» Records from a dataset:
◆ ◆ ◆ ◆ ◆ ◆ ◆

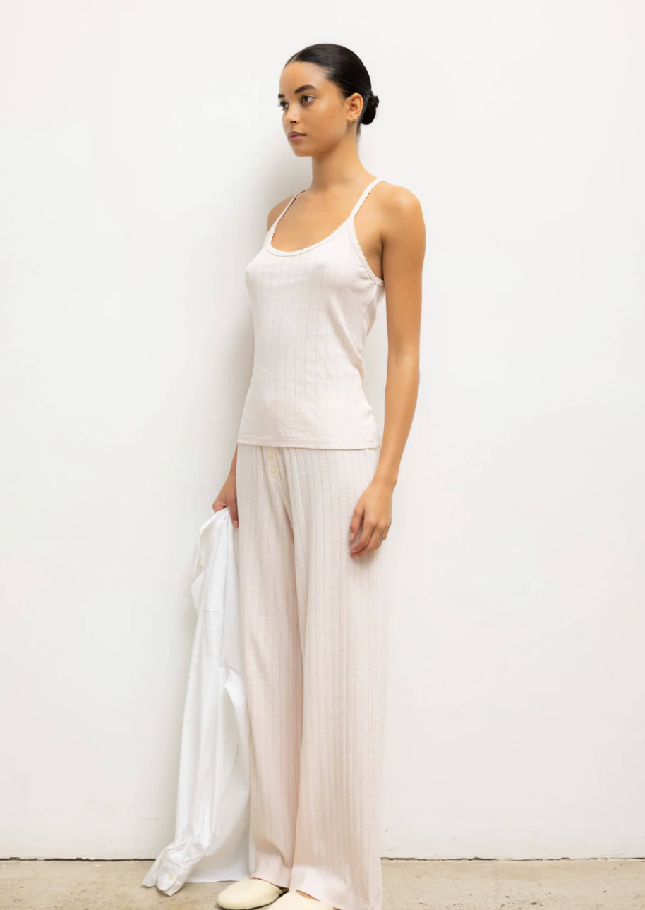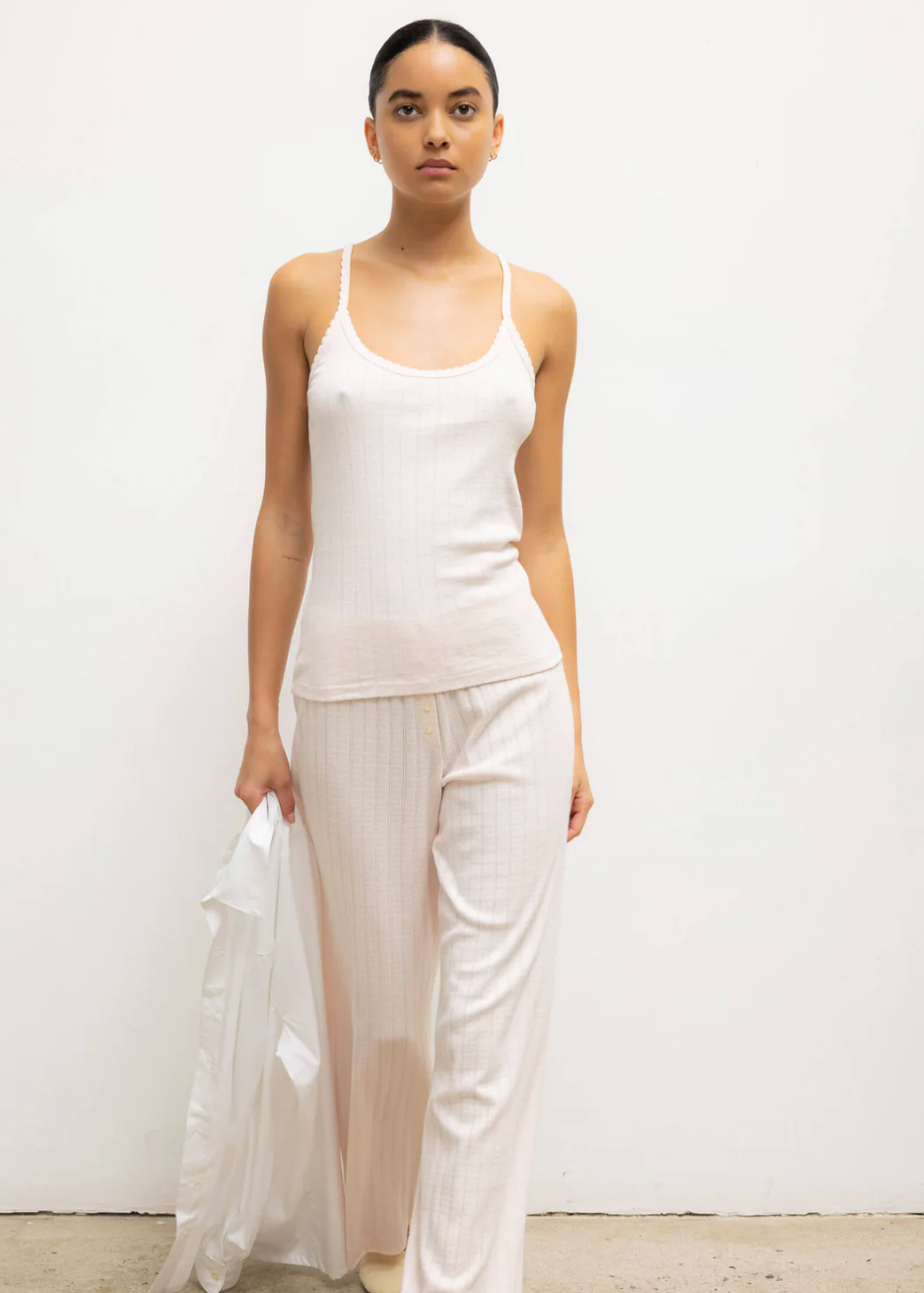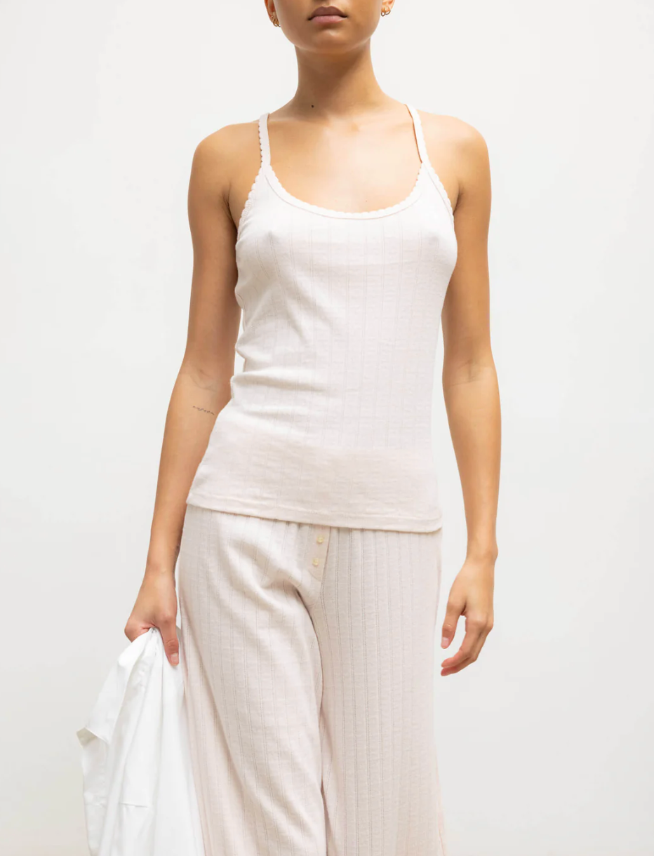 Pointelle Square Neck Tank in Powder
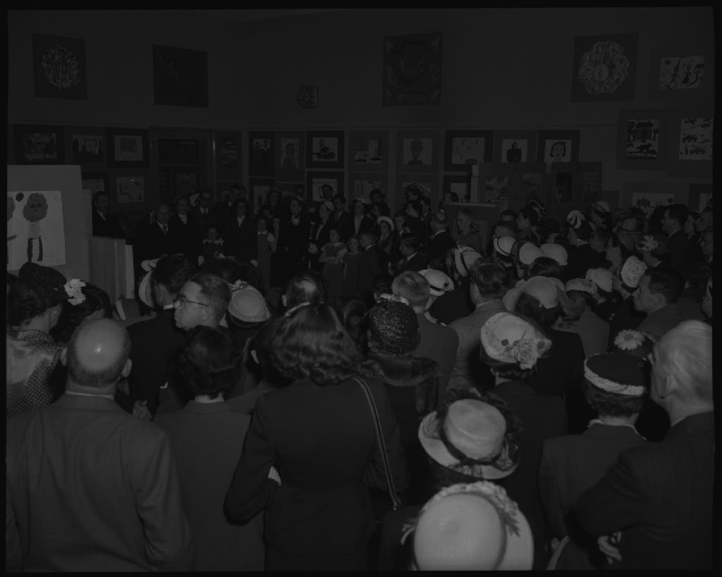 L'exposition des travaux de la classe des enfants de l'école des Beaux-Arts de Québec, Musée du Québec, 1952, Archives nationales à Québec, Fonds Ministère de la Culture et des Communications, (03Q,E6,S7,SS1,D2,P90975), Neuville Bazin.
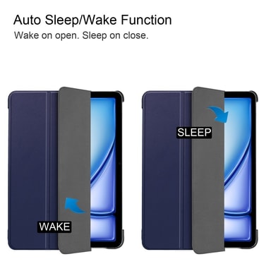 iPad Air 13 (2024) Kotelo Auto Herää / Nuku Kolminkertainen Taittojalusta Tabletin Suoja - SininenTämä kotelo on luonteenomaista hienovaraisella PU-nahalla, yhdistettynä PC-sisäkoteloon, laadukkaaseen ja houkuttelevaan ulkonäköön.Tutustu ominaisuuksiin
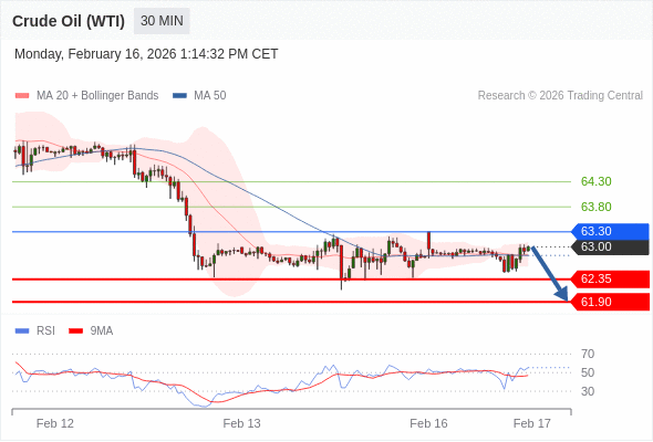 在 63.30 之下,看跌,目标价位为 62.35 ,然后为 61.90 。
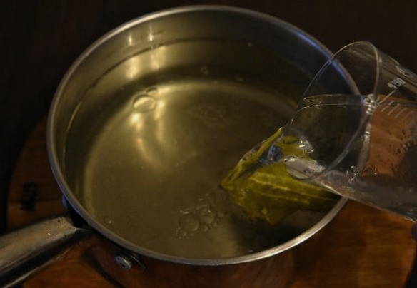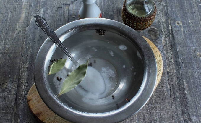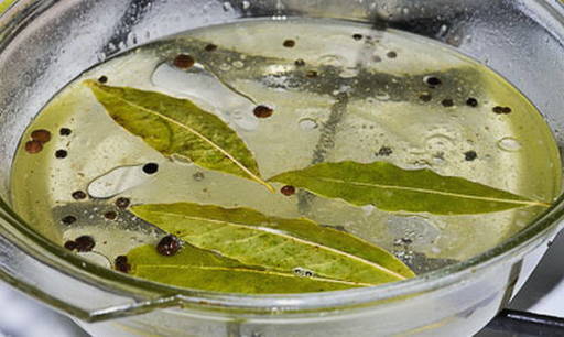 - Kook water in een pan, los hierin suiker en zout op, voeg laurierblaadjes en peperkorrels toe. Zodra de marinade kookt, haal je deze van het vuur en giet je de plantaardige olie erin.

◆ ◆ ◆ ◆ ◆ ◆ ◆

» WORK TO BE COMPLETED:
The copy you give must run from the line containing "iPad Air 13" through the last line of the records, exactly, with the pictures left out.

» FINISHED EXERCISE:
 iPad Air 13 (2024) Kotelo Auto Herää / Nuku Kolminkertainen Taittojalusta Tabletin Suoja - SininenTämä kotelo on luonteenomaista hienovaraisella PU-nahalla, yhdistettynä PC-sisäkoteloon, laadukkaaseen ja houkuttelevaan ulkonäköön.Tutustu ominaisuuksiin
 在 63.30 之下,看跌,目标价位为 62.35 ,然后为 61.90 。
 - Kook water in een pan, los hierin suiker en zout op, voeg laurierblaadjes en peperkorrels toe. Zodra de marinade kookt, haal je deze van het vuur en giet je de plantaardige olie erin.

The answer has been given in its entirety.